[Opening Exercise data section]

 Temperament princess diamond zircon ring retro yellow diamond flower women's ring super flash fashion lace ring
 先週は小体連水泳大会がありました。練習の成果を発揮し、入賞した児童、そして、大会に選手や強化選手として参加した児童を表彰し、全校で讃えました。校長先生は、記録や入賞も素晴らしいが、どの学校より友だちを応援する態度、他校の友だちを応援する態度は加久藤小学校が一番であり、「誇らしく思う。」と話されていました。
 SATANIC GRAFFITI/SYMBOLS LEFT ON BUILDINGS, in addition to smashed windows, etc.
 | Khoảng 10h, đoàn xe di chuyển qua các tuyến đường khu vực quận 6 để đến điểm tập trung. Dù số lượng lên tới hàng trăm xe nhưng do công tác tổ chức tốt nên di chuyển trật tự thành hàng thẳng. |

[Closing Exercise data section]
[Opening Exercise data section]

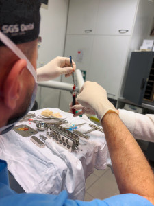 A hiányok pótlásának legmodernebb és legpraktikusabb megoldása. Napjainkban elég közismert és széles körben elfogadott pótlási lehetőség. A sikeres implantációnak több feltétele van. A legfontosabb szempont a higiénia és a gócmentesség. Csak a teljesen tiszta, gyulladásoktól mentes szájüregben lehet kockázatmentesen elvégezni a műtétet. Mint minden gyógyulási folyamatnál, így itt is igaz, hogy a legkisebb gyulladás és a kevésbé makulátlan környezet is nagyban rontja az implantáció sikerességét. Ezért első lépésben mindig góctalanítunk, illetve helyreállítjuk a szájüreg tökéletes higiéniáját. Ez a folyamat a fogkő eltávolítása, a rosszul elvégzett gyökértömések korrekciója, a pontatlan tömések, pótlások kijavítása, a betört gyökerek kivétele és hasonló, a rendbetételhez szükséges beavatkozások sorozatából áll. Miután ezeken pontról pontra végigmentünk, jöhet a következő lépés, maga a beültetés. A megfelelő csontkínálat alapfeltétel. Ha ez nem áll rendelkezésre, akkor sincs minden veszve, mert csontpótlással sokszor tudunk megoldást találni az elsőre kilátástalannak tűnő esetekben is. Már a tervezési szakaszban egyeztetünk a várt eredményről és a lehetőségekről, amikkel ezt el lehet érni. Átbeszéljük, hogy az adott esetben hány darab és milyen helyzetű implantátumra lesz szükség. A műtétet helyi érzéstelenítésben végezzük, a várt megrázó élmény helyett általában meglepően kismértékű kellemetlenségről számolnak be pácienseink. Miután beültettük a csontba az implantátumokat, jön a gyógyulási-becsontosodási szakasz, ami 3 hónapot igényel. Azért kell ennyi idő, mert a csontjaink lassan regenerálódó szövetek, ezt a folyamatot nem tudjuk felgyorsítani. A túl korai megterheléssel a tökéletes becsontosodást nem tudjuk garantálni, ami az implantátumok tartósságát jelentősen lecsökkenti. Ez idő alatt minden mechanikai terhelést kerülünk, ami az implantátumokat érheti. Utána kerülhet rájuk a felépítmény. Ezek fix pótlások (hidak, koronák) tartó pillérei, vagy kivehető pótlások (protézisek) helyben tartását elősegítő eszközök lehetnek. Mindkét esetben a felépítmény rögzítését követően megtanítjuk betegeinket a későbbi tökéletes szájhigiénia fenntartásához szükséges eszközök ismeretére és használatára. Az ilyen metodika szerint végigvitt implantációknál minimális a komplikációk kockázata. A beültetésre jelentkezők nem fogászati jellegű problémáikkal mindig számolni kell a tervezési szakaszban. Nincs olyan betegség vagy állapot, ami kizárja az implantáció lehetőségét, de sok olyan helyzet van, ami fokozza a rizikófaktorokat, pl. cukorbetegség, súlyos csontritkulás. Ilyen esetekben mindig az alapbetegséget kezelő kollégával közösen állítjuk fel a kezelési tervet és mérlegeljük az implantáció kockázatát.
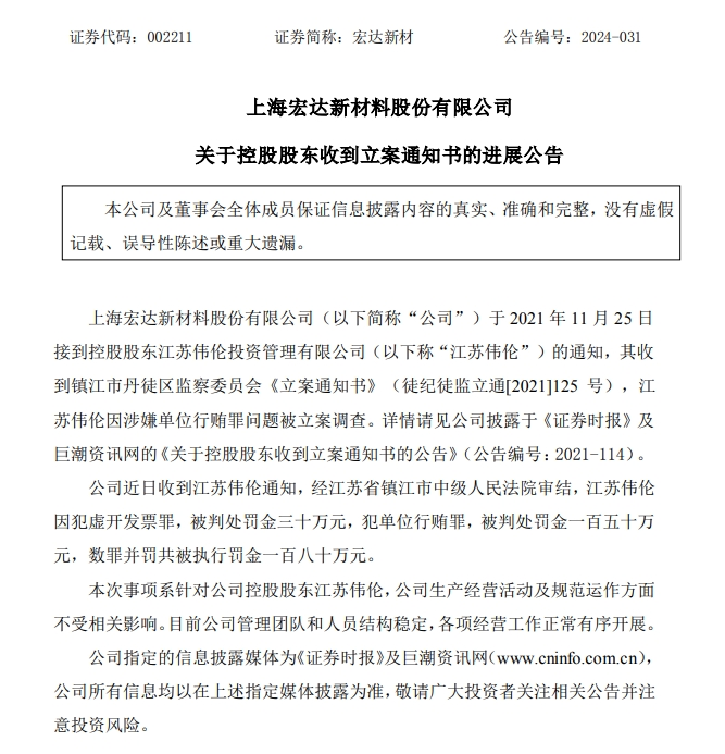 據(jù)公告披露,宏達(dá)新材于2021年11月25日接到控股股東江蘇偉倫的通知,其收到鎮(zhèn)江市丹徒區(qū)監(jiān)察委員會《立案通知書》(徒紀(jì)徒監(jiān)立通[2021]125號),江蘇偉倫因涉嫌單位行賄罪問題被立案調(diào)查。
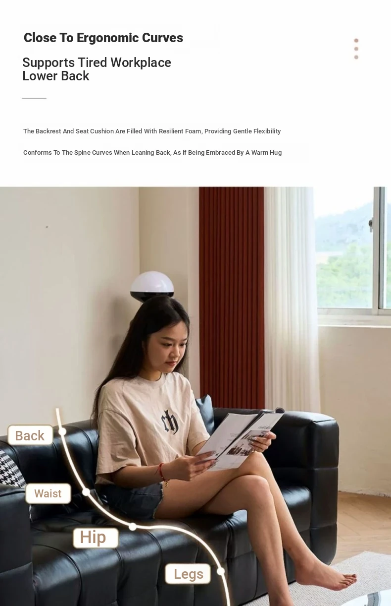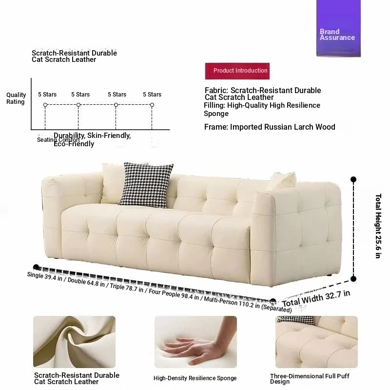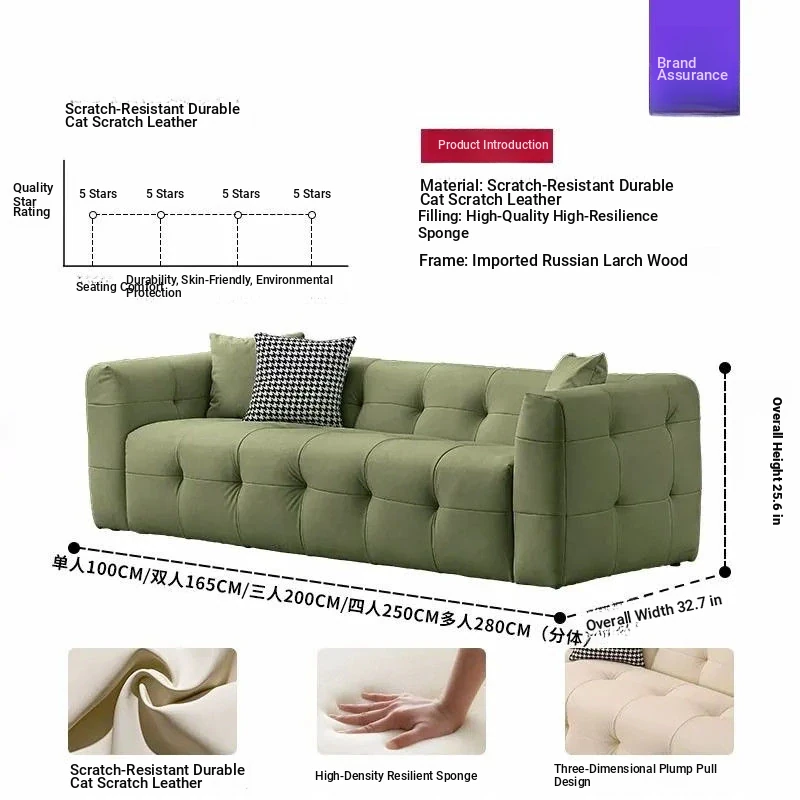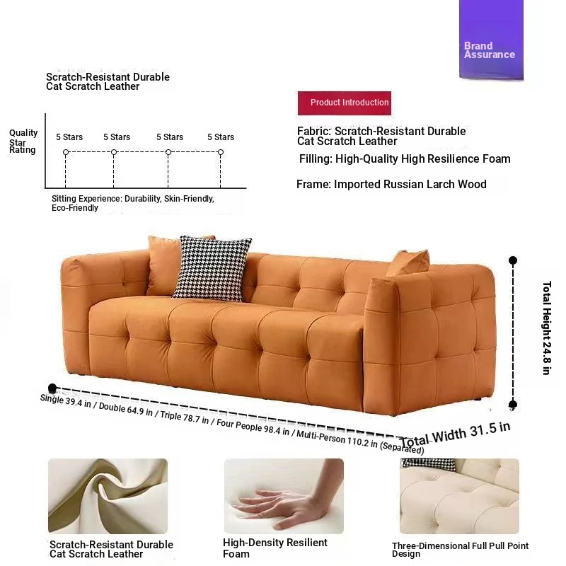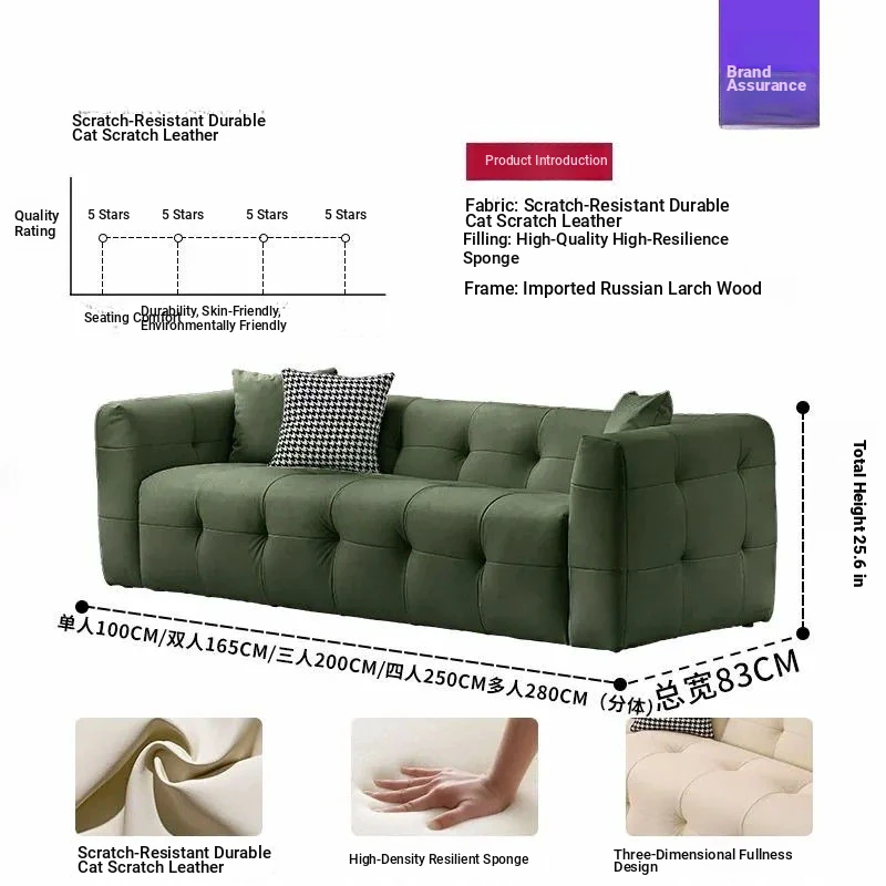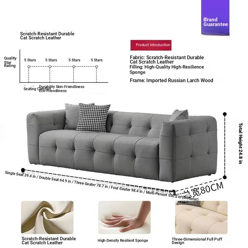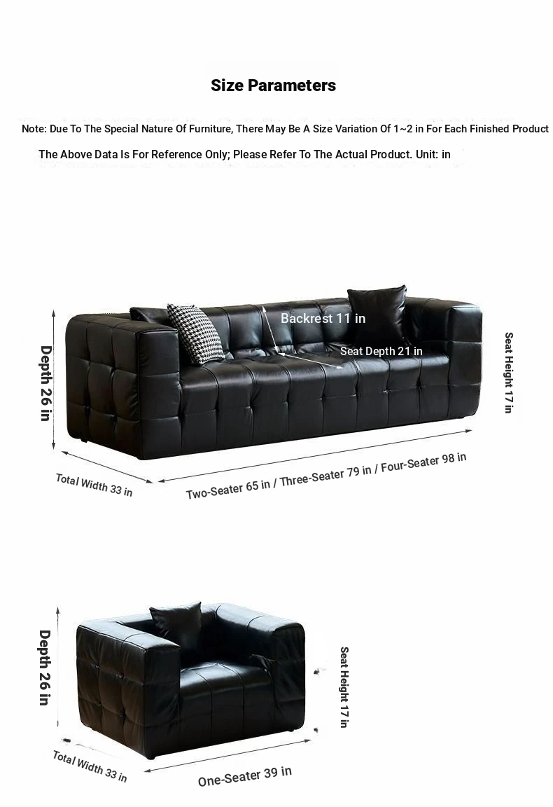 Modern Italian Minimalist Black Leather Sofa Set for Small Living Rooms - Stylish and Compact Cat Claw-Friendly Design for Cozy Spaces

[Closing Exercise data section]

Of the lines above, retype only those from the line containing "先週は小体連水泳大会がありま" through the line containing "hàng thẳng. |", including both, exactly.

 先週は小体連水泳大会がありました。練習の成果を発揮し、入賞した児童、そして、大会に選手や強化選手として参加した児童を表彰し、全校で讃えました。校長先生は、記録や入賞も素晴らしいが、どの学校より友だちを応援する態度、他校の友だちを応援する態度は加久藤小学校が一番であり、「誇らしく思う。」と話されていました。
 SATANIC GRAFFITI/SYMBOLS LEFT ON BUILDINGS, in addition to smashed windows, etc.
 | Khoảng 10h, đoàn xe di chuyển qua các tuyến đường khu vực quận 6 để đến điểm tập trung. Dù số lượng lên tới hàng trăm xe nhưng do công tác tổ chức tốt nên di chuyển trật tự thành hàng thẳng. |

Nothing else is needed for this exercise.